I wondered what it would be like often. If I didn’t have someone always yelling at me, always belittling me, always beating me. It didn’t seem like a reality I would ever live in, but I swallowed the debilitating doubt. “Yes ma’am. I would like that very much.”
“If you tell me where he is, I’ll make sure he never hurts you again,” she promised to me. Her words rang in my ears like the sound of Heaven. I told the woman where my father was waiting for me. She took me by the hand, and led me to her car. “When we get there, all you have to do is give him my wallet, and I’ll take care of the rest.” I nodded in agreement, and we got into her car.

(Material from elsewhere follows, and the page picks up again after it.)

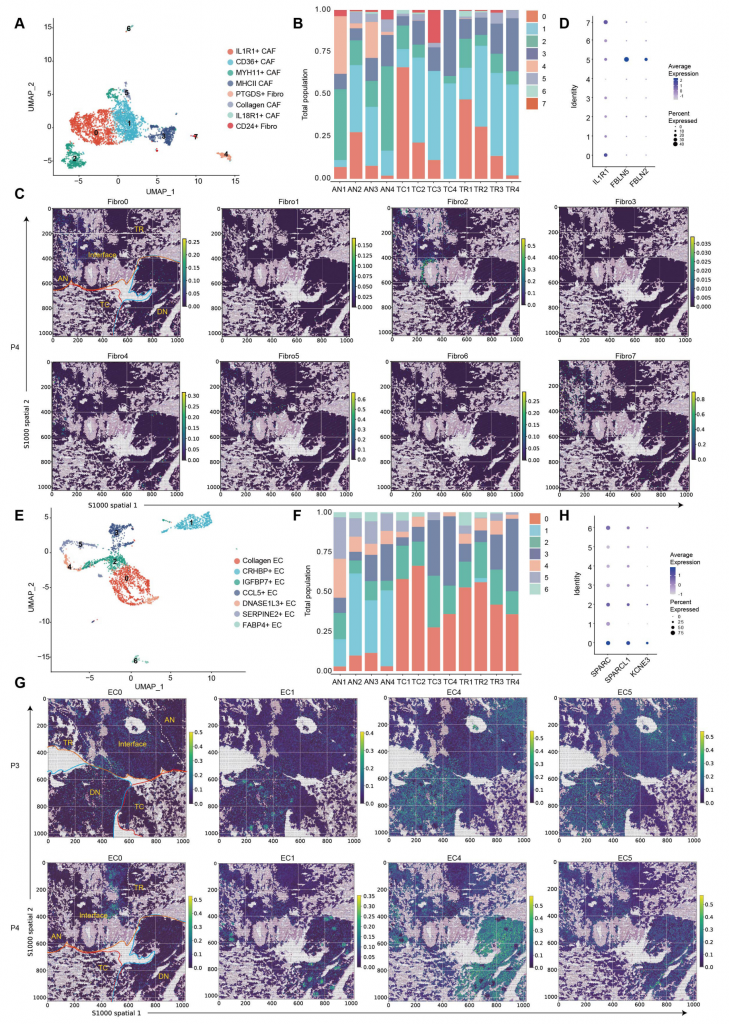 scRNA-seq與空間數(shù)據(jù)均顯示,ccRCC存在8種激活的成纖維細(xì)胞簇,腫瘤區(qū)域成纖維細(xì)胞數(shù)量高于健康組織,其中CD24+IL32+成纖維細(xì)胞顯著富集在腫瘤區(qū)域,PTGDS+成纖維細(xì)胞幾乎全分布在AN,高表達(dá)ECM(胞外基質(zhì))形成和EMT的成纖維細(xì)胞簇在IF較為富集,IL1R1+?CAF(腫瘤相關(guān)成纖維細(xì)胞)表現(xiàn)出腫瘤促進(jìn)表型;7種EC(內(nèi)皮細(xì)胞)簇中4種(0,2,3和6)主要富集在腫瘤組織,3種(1,4和5)在健康組織富集,膠原蛋白EC(0簇)豐度最高,具有促腫瘤特征??傊?strong>不同的ECM蛋白質(zhì)產(chǎn)生基質(zhì)細(xì)胞傾向于富集在IF并共定位,可能行駛多種功能,包括細(xì)胞-細(xì)胞交互和胞外組分重構(gòu)。

On the drive the woman used her radio to talk to someone. I couldn’t decipher the codes they used, but I heard her say the address I gave her. We arrived shortly, parking a short distance away. She got me out of the car, and gave me a few instructions, “I want you to go to your father. Give him my wallet. Some other officers are waiting close by. They will arrest him immediately. Then you just come back to me, and I’ll take care of you.”
I trusted her completely, and nodded in agreement. I was afraid, but not nearly half as frightened as I normally would be returning to my father. In our dark alley, he was there, waiting for me. Saying nothing I gave him the wallet. “There better be a lot of money in here,” he scornfully said to me as he grabbed it out of my hands. Checking the contents a familiar anger washed across his face. “This money is fake!” He raised his hand to strike me, but froze in mid-air.
“Freeze, don’t move,” commanded an officer as he and another policeman entered the alley. My father reached both hands into the air in surrender. I gave him one last look. No longer did I see a monster, but instead I saw the scared man he always was. I turned and ran away. I didn’t stop until I was in the arms of the woman. My eyes burst open, and I cried like I never cried before. But I wasn’t sad. I was the happiest I had ever been in my whole life.